Just as each HTA system is tailored to its own country’s specific needs, the health system in the United States should consider what matters most to its unique health care system. There are likely relevant insights that can be gained from studying the approach and methodologies from these bellwether HTA agencies to inform the establishment of any evaluation system in the United States.

For example:

  • It may not be necessary to conduct thorough reviews of every single drug; instead, only high-impact drugs may be evaluated.
    • NICE only evaluates drugs it expects to have a significant impact on budgets or a major benefit to patients while the other agencies mentioned evaluate all new drugs.
  • Depending on the needs of the healthcare system, cost-effectiveness can be a routine part of drug evaluation. Alternately, it can be assessed as part of a separate process or only under certain special circumstances.
    • NICE and SMC explicitly evaluate the cost-effectiveness of new drugs. G-BA/IQWiG do not, but their clinical evaluations are later used in pricing negotiations with manufacturers. HAS conducts cost-effectiveness evaluations only on drugs that represent a significant advancement in efficacy compared to existing treatments.
  • The patient voice can have an important place in the drug evaluation process.
    • Drugs for rare or end-of-life condition that receive negative decisions in Scotland are eligible for a PACE meeting, which gives patients and caregivers the opportunity to explain the need for the drug and the positive effect it has on patients’ lives. SMC places significant weight on the PACE meeting when re-evaluating the drug. Other agencies also consider comments from patients, caregivers, and other interested parties.
  • Comparative Effectiveness Research forms the basis for price discussions.
    • Regardless of whether an agency conducts its own cost-effectiveness evaluations (NICE, SMC) or not (HAS, G-BA/IQWiG), comparative effectiveness is the foundation for price discussions.

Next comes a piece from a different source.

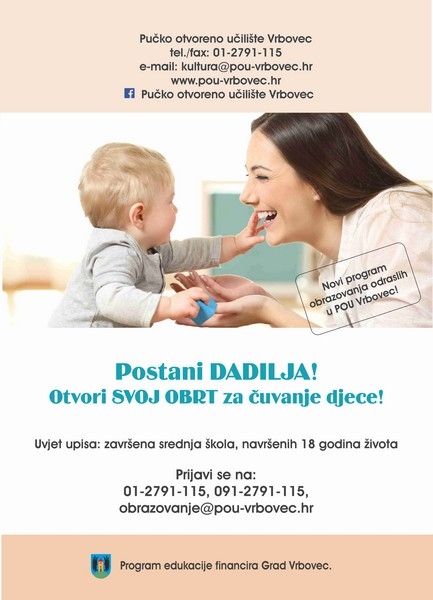 U tijeku su prijave za osposobljavanje za dadilje. Riječ je o novom programu obrazovanja odraslih u našem učilištu koji će polaznicama omogućiti otvaranje obrta za čuvanje djece ili zapošljavanje kod osoba koje imaju takav obrt. Dadilje mogu čuvati djecu do 14 godina u svom prostoru, u domu obitelji koja ih je angažirala ili mogu raditi za nekog drugoga, a kao pomoćno osoblje mogu raditi i u vrtićima. Program edukacije traje 400 sati, a uključuje predavanja vježbe ta prktičnu nastavu u trajanju od 150 sati koja see provodi u obrtu za čuvanje djece.

NICE and SMC rely on comparative effectiveness evaluations to estimate cost-effectiveness while HAS and GBA/IQWiG use their comparative effectiveness reviews to negotiate prices with manufacturers.

These agencies have very different ways of evaluating drugs based on the needs of their respective healthcare systems. It is what they have in common that is more important— an interest in developing a predictable process for evaluating a drug’s impact on the health care system (at both an individual and a societal level) in order to best allocate resources.